Even assuming each new iteration of Big Pimpin' contained its own statute of limitations period, plaintiff was on constructive notice as of December 2000 that there may exist one or more infringing compositions containing elements from Khosara, Khosara. The Ninth Circuit has held that a plaintiff may recover damages occurring outside the three-year window only if "the copyright owner did not discover-and reasonably could not have discovered-the infringement before the commencement of the three-year limitation period." Polar Bear, 384 F.3d at 706 (emphasis added). The general discovery rule creates a "disjunctive two-prong test of actual or constructive notice, under which the statute begins to run under either prong. . . . The plaintiff is deemed to have had constructive knowledge if it had enough information to warrant an investigation which, if reasonably diligent, would have led to discovery of the [claim.]" Pincay v. Andrews, 238 F.3d 1106, 1109--10 (9th Cir. 2001). Here, plaintiff became aware of the alleged infringement of Khosara, Khosara by December 2000 at the latest, and thus was put on constructive notice that there may be more infringing works on the market (especially produced by the same alleged infringer). This is bolstered by the fact that plaintiff governs his uncle's entire music catalog and is charged with making business decisions concerning those songs. See Declaration of Osama Fahmy ("Fahmy Decl.") ¶ 3. Plaintiff therefore had a duty to investigate whether other "products" contained the same infringement. E.g., Wood v. Santa Barbara Chamber of Commerce,

, 705 F.2d 1515, 1521 (9th Cir. 1983) ("[E]quity will impute to a litigant knowledge of facts that would have been revealed by reasonably required further investigation."); Indus. Constructors Corp. v. Bureau of Reclamation, 15 F.3d 963, 969 (10th Cir. 1994) ("A plaintiff need not know the full extent of his injuries before the statute of limitations begins to run."); Kepner-Tregoe, Inc. v. Exec. Dev., Inc., 79 F. Supp. 2d 474, 488 (D.N.J. 1999) ("[U]pon discovering one infringing work, plaintiff had a duty to monitor the defendant's additional published works because '[a] reasonable [copyright owner], motivated by his interest in recovering for and preventing infringement, keeps abreast of the activities of those in his field of endeavor.'") (quoting Wanlass v. Gen. Elec. Co., 148 F.3d 1334, 1339 (Fed. Cir. 1998)).

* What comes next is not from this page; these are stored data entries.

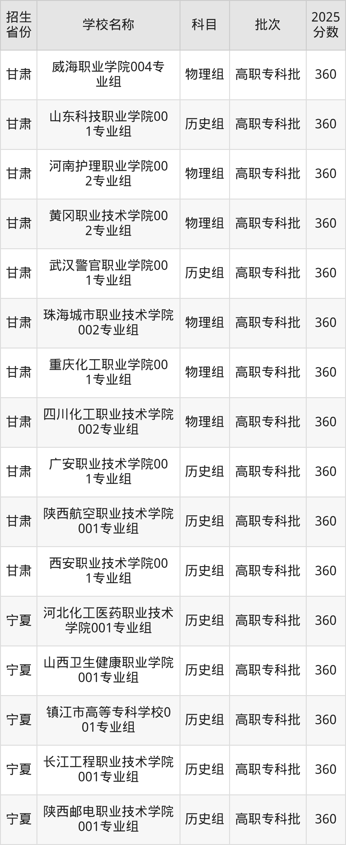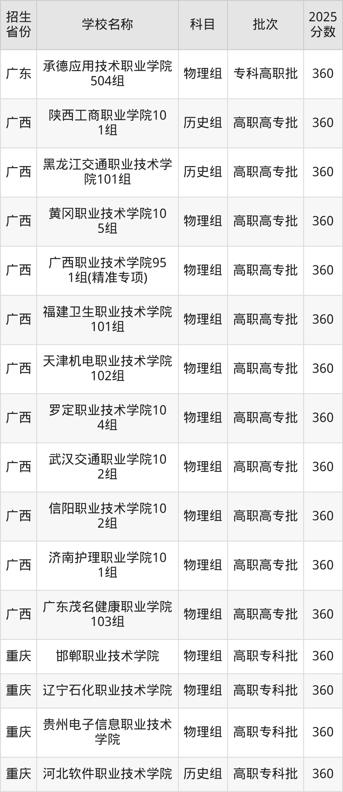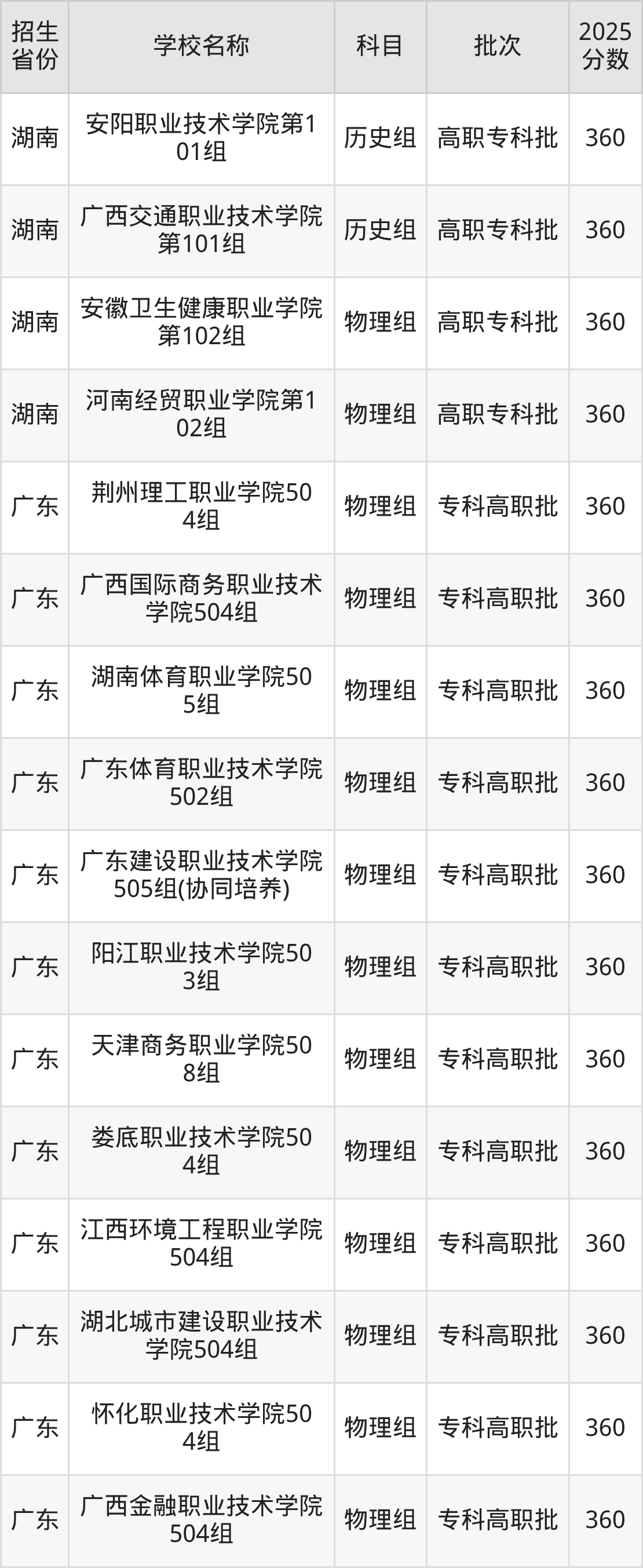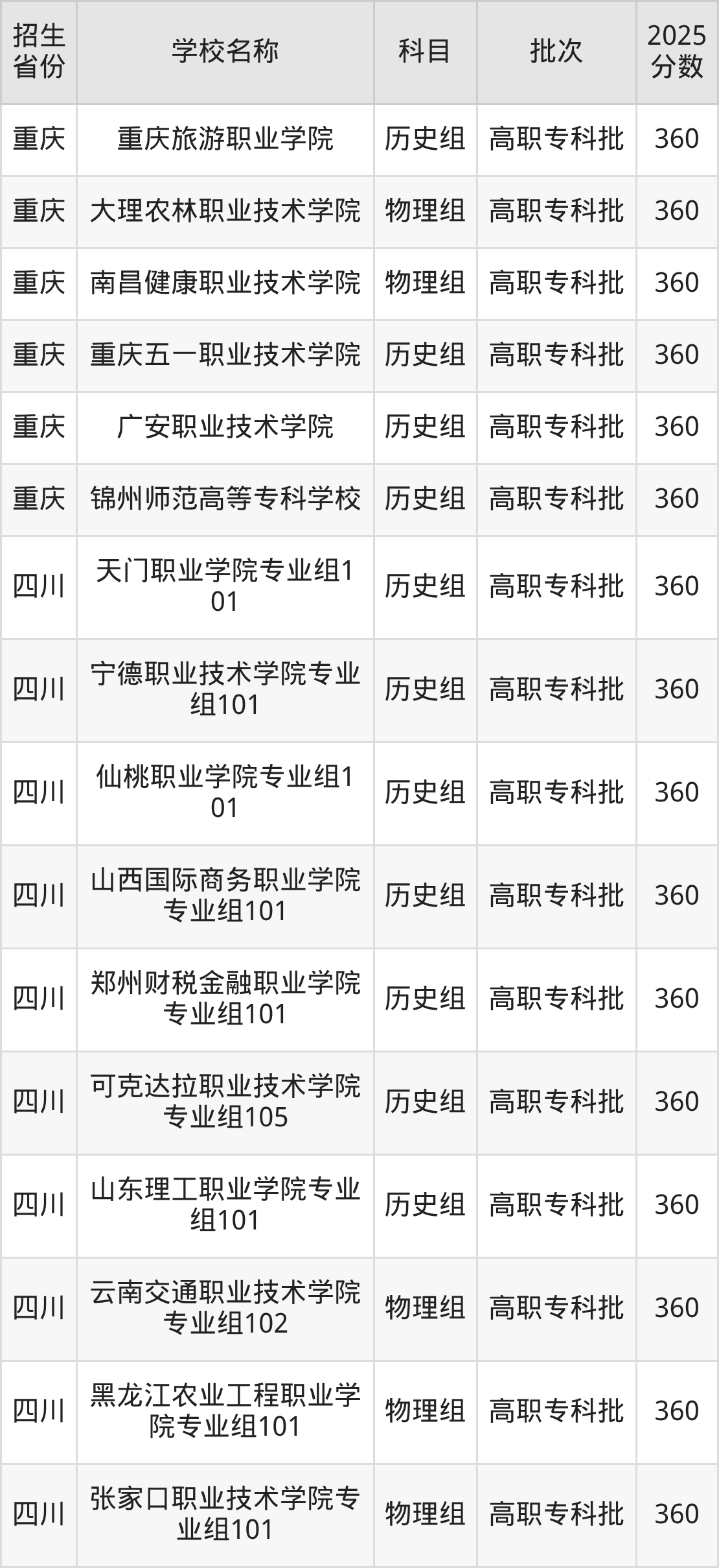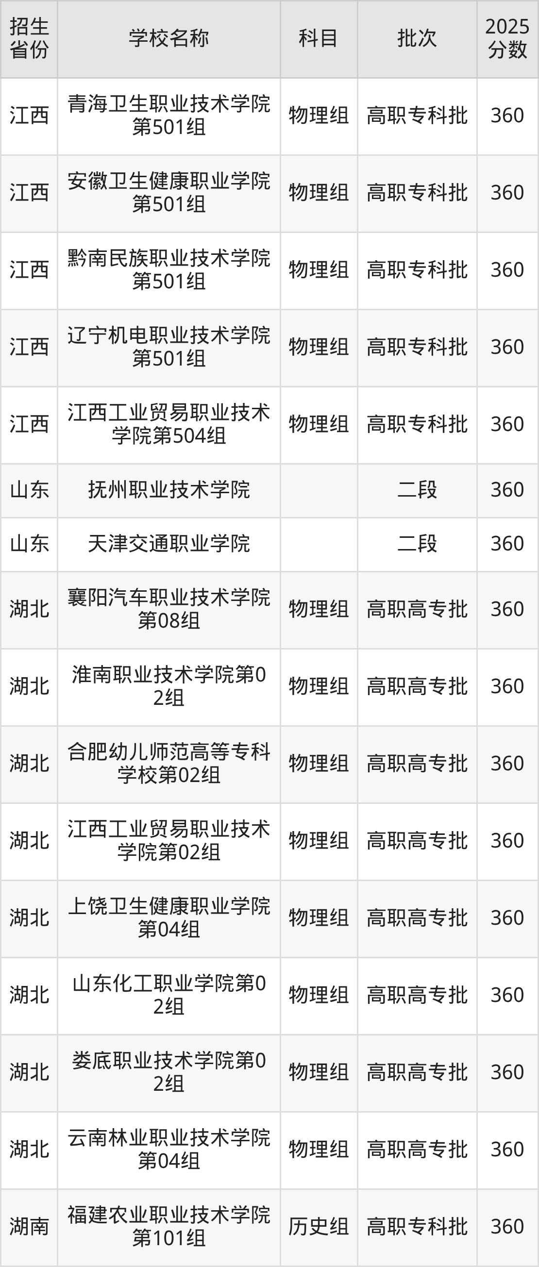 筛选全国各省2025年录取分数线为360分的公办专科大学如下:
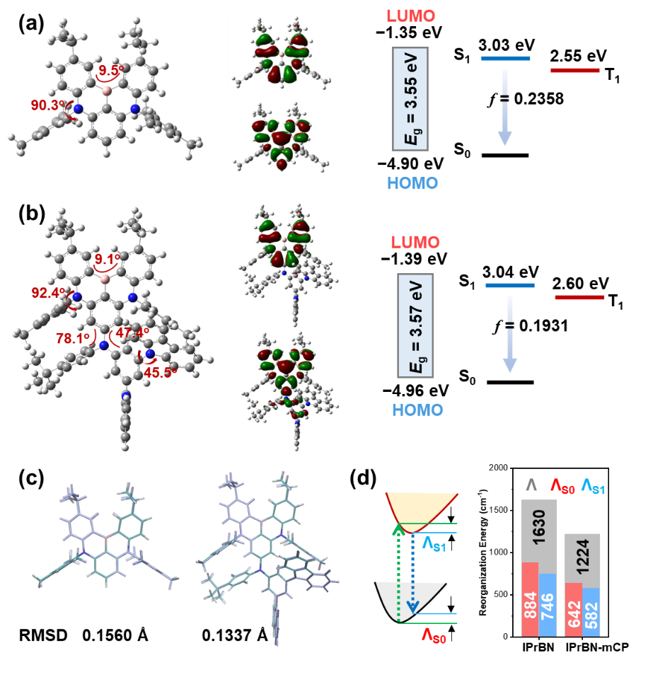 图2. (a) IPrBN和 (b) IPrBN-mCP的前沿分子轨道分布和能级。(c) IPrBN和IPrBN-mCP的RMSD值和 (d) 重组能。
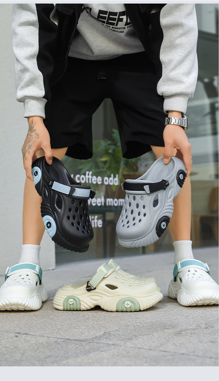 森馬洞洞鞋男2026新款夏季踩屎感包头半拖鞋软底防滑外穿开车运动凉鞋 果绿【基础款】 36-37 【现货秒发】

Accordingly, the Court concludes that plaintiff may recover damages from any infringement only within three years prior to the filing of his lawsuit-i.e., from August 31, 2004 to the present-unless he can provide other bases for equitably tolling the statute.

A. Whether Plaintiff Has Proved Equitable Tolling

The Court is unpersuaded by any of the three bases offered by plaintiff for why the statutory period should be equitably tolled in this case.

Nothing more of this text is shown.